You are asked to filter the data below and copy every line holding "your".

Records drawn from a dataset:
********
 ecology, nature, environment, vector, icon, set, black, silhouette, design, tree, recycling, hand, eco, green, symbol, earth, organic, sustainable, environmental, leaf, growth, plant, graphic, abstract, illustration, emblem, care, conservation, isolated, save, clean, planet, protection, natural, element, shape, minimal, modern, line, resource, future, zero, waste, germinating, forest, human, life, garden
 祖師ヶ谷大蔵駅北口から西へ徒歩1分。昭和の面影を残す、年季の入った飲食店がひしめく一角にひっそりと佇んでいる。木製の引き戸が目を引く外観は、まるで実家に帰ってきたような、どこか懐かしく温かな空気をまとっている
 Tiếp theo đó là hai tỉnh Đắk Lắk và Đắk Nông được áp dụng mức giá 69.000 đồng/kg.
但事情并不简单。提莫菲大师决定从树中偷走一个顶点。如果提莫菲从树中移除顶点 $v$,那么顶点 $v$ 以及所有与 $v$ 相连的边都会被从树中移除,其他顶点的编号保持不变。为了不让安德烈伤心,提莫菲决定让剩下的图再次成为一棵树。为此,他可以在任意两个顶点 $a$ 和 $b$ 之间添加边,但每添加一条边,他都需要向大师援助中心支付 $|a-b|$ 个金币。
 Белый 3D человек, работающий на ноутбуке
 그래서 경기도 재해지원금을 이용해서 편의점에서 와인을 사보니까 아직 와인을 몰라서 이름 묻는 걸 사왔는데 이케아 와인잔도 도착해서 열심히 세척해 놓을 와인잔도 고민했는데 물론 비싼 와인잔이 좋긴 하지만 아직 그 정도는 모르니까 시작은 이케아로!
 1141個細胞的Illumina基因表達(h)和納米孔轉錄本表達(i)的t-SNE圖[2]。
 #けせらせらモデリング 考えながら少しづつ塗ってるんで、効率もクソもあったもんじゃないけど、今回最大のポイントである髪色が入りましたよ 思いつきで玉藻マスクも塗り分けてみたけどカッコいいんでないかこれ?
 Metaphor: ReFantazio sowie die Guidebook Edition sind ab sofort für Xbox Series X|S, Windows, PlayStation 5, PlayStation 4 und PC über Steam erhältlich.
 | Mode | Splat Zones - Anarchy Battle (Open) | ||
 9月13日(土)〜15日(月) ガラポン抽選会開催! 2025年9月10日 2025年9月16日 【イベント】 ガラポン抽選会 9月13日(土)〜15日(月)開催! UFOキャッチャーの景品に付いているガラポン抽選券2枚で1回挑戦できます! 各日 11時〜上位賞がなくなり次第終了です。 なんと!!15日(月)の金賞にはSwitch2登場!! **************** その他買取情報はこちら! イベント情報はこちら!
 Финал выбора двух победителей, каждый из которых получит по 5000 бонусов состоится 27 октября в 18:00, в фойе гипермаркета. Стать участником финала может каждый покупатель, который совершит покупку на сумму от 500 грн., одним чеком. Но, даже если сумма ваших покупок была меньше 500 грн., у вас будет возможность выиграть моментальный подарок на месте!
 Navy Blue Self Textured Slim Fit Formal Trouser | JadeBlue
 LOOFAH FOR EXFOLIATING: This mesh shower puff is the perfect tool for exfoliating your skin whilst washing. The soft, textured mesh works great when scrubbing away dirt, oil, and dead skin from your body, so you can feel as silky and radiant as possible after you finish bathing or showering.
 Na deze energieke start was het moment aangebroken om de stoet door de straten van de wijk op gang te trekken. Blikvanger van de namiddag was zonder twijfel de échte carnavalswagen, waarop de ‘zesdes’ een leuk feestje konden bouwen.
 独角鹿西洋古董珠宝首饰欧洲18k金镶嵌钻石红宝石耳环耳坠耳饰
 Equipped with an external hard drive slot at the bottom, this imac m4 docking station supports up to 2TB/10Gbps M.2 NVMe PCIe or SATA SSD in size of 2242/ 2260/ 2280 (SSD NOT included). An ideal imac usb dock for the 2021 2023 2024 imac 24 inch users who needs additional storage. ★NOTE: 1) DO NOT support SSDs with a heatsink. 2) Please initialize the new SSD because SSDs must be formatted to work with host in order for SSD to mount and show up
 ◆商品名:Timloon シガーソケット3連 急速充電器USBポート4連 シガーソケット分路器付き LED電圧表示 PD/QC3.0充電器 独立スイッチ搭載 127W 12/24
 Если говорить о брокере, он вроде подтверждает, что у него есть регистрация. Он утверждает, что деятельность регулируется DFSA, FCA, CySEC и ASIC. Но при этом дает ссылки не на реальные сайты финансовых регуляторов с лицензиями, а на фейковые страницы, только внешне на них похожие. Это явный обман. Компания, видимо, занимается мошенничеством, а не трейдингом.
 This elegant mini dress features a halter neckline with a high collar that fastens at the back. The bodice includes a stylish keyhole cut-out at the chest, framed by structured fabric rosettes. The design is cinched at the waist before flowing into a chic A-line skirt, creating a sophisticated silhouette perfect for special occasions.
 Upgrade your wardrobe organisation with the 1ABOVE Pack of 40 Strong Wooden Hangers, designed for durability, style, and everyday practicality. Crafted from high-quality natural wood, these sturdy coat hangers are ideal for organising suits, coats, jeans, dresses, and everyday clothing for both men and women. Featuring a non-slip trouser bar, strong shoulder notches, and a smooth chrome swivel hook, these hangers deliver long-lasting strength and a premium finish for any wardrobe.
********
Exercise solution:
 LOOFAH FOR EXFOLIATING: This mesh shower puff is the perfect tool for exfoliating your skin whilst washing. The soft, textured mesh works great when scrubbing away dirt, oil, and dead skin from your body, so you can feel as silky and radiant as possible after you finish bathing or showering.
 Upgrade your wardrobe organisation with the 1ABOVE Pack of 40 Strong Wooden Hangers, designed for durability, style, and everyday practicality. Crafted from high-quality natural wood, these sturdy coat hangers are ideal for organising suits, coats, jeans, dresses, and everyday clothing for both men and women. Featuring a non-slip trouser bar, strong shoulder notches, and a smooth chrome swivel hook, these hangers deliver long-lasting strength and a premium finish for any wardrobe.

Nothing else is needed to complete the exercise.